La Marseillaise obtient un mois de plus avant de présenter son plan

Le journal la Marseillaise,,actuellement en redressement judiciaire, vient d'obtenir un délai d'un mois, avant de présenter son plan au tribunal administratif de Marseille.

Par Ghislaine Milliet avec AFP

La justice a octroyé à la direction du journal La Marseillaise, en redressement judiciaire,  un délai d'un mois jusqu'au 28 février pour apporter des éléments supplémentaires sur son projet éditorial et industriel, a-t-on appris mercredi auprès des syndicats et de la direction du quotidien.

C'est le mois de tous les dangers

a dit devant le tribunal de commerce de Marseille Alain Hayot, président des Editions des Fédérés qui a repris la Marseillaise en 2015, appelant tous les salariés à "s'unir", "car le tribunal n'hésitera pas à prononcer la liquidation".
Alain Hayot a notamment mis en garde contre "certains repreneurs qui seraient plus intéressés par l'opération immobilière ou l'organisation d'événements populaires comme "La Marseillaise à pétanque" que par le journal".
Devant le tribunal où s'étaient rassemblées une cinquantaine de personnes mercredi matin, les invectives fusaient entre partisans et opposants du plan de la direction (qui prévoit la suppression de 44 emplois sur 85).

Nous partageons le constat de la direction sur la nécessité de sauver la Marseillaise pour le pluralisme de la presse dans la région

a indiqué Emmanuel Vire, secrétaire national de la section journalistes de la CGT, "mais le projet de la direction de monter un quotidien départemental et deux hebdomadaires à 40 ne tient pas la route".

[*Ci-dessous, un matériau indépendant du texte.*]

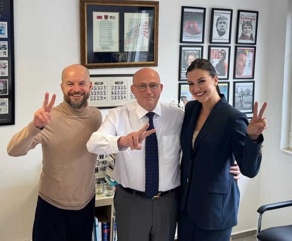 Në foton e ndarë në rrjet, Garo është me drejtorin e Komunikimit në PD, Alfred Lela dhe të dërguarin nga LaCivita, Philip Griffin.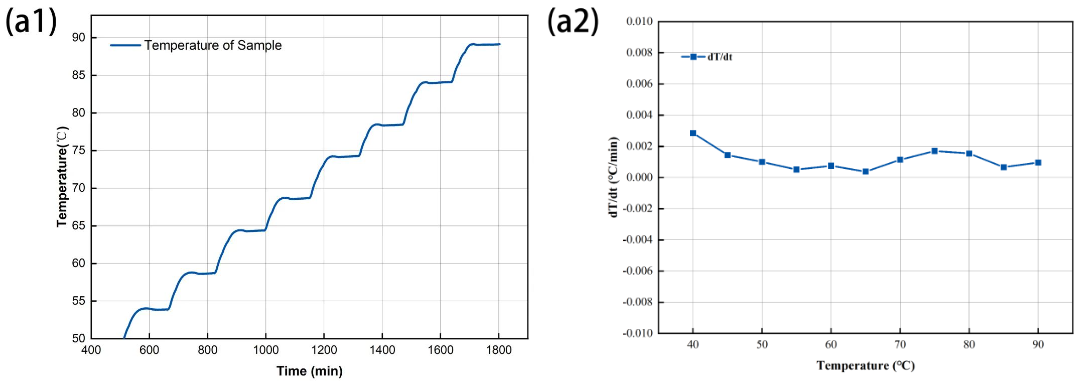 由于量熱腔內(nèi)可能存在微小的溫度分布,為防止絕熱追蹤階段量熱腔壁面對樣品產(chǎn)生過加熱或欠加熱,確保腔內(nèi)精密的絕熱環(huán)境,需利用與電池同尺寸的鋁質(zhì)標準塊作為電池等容物,利用儀器的“溫差基線”模式對爐壁-樣品溫差的溫度依賴性進行校準;該步驟的實驗要點如下: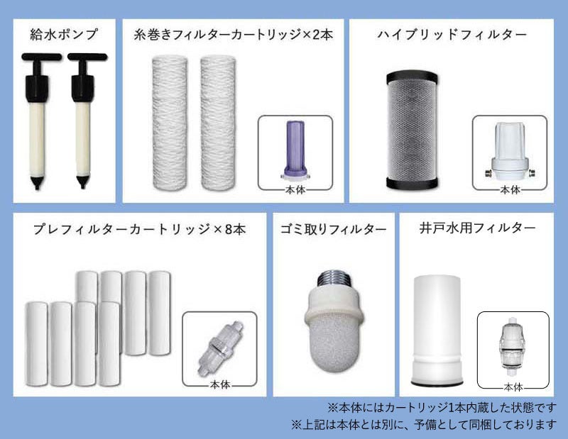 汚れが溜まりやすいフィルターやポンプには、予備カートリッジも同梱されており、必要な時に必要な水をたっぷりお使いいただけます。
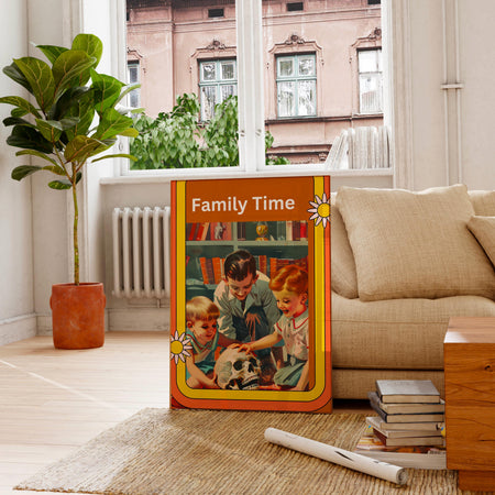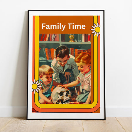 Family Time Funny Vintage Halloween Skull Retro Orange Wall Art Print unique fun halloween sarcastic original unique digital art download $8.00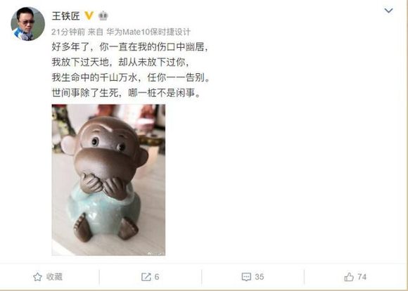 9月4日,王欣在微博表示,“好多年了,你一直在我的伤口中幽居,我放下过天地,却从未放下过你,我生命中的千山万水,任你一一告别。世间事除了生死,哪一桩不是闲事。 ”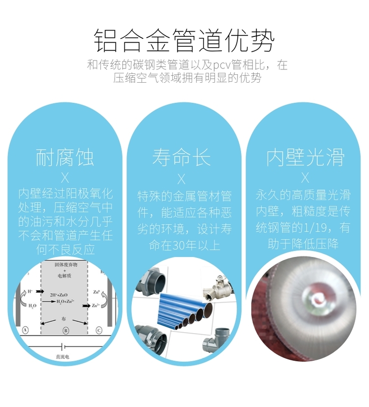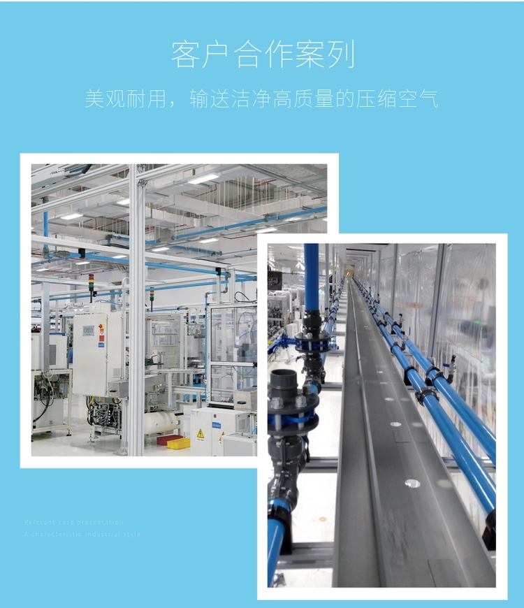 光滑的鋁管經(jīng)過陽極氧化處理,從生成點到各個使用點之間輸送穩(wěn)定的高品質(zhì)壓縮空氣,避免產(chǎn)生二次污染,同時保護下游設(shè)備和制造流程;

"La Marseillaise en commun"

Un collectif de journalistes, soutenus notamment par le SNJ-CGT, a présenté mercredi un projet alternatif à celui de la direction, intitulé "la Marseillaise en commun", qui "fait le pari d'un nouveau média, web et papier, qui se montrera particulièrement attentif aux alternatives portées par les citoyen.ne.s".
Un an après son placement en redressement judiciaire, le journal, historiquement proche du Parti communiste, a obtenu le 23 novembre une prolongation de sa période d'observation de six mois, jusqu'au 28 mai 2018. Il venait de recevoir 300.000
euros de son nouvel actionnaire, le groupe Media, spécialisé dans la communication
des entreprises et des collectivités.